Landlord’s alternative grounds of opposition
[20] For the landlord, Mr Riches submitted that the application should also be dismissed for other reasons namely:
1. The lease properly construed imposes, in relation to the outgoings (as
well as rent), a “pay now argue later” regime.
2. The underlying basis of the lessee’s cross-demand – the proposition that the nearby competing business amounts to a derogation of grant – is untenable.
[21] By reason of my conclusion that the application must be dismissed for other reasons it is unnecessary that I reach any conclusion on these two grounds of opposition. I deliberately refrain from doing so in relation to the second alternative given that that issue may fall for determination in the arbitration. The first alternative (“pay now argue later”) is one which I recognise as having force. Given, however, that the relationship between relevant clauses of the lease is not straight- forward, I also refrain from expressing a concluded view as to the correct construction.
Outcome
[22] The application falls to be dismissed.
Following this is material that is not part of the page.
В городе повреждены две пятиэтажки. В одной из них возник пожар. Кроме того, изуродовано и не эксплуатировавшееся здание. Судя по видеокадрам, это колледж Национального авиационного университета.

Counsel accepted that costs would follow the event on a 2B basis, which I view as appropriate. There will be the usual direction extending time for payment of the demand.
Order
[23] I order:
1. The application is dismissed.
2. The applicant is to pay the respondent’s costs on a 2B basis together with disbursements to be fixed by the Registrar.
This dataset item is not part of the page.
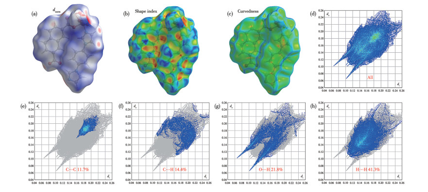 Hirshfeld表面和二维指纹图分析是分析晶体结构分子间相互作用的重要手段及方法。为进一步研究Zn-CP和Ni-CP中的相互作用情况,分别借助CrystalExplorer软件直接计算2个配位聚合物的Hirshfeld表面[25]。图 8a~8c依次展示了Zn-CP的dnorm、Shape index、Curvedness图。dnorm图的红色斑点说明Zn-CP有短程的氢键相互作用,结合表 3氢键数据可反映出其存在O—H…O氢键,而由Shape index图红色和蓝色相对的区域证明Zn-CP存在π…π堆积相互作用。整个分子和C…C、C…H、O…H、和H…H相互作用的二维指纹图及对Hirshfeld表面的贡献百分数如图 8d~8h所示,其中与π…π堆积相关的H…H相互作用对Hirshfeld表面的贡献占指纹区的主要部分,且贡献占比达到31.6%;而分子间O…H氢键则占比达25.3%。

3. The time for the applicant to make payment upon the statutory demand is extended to Friday, 10 May 2013, and failing payment by that date the respondents will be entitled to file an application for an order of
liquidation.
Associate Judge Osborne
Solicitors:
MDS Law (M S Tutty), PO Box 185, Christchurch. Email: [email protected]
Counsel – K W Clay. Email: [email protected]Saunders & Co, Christchurch. Email: [email protected]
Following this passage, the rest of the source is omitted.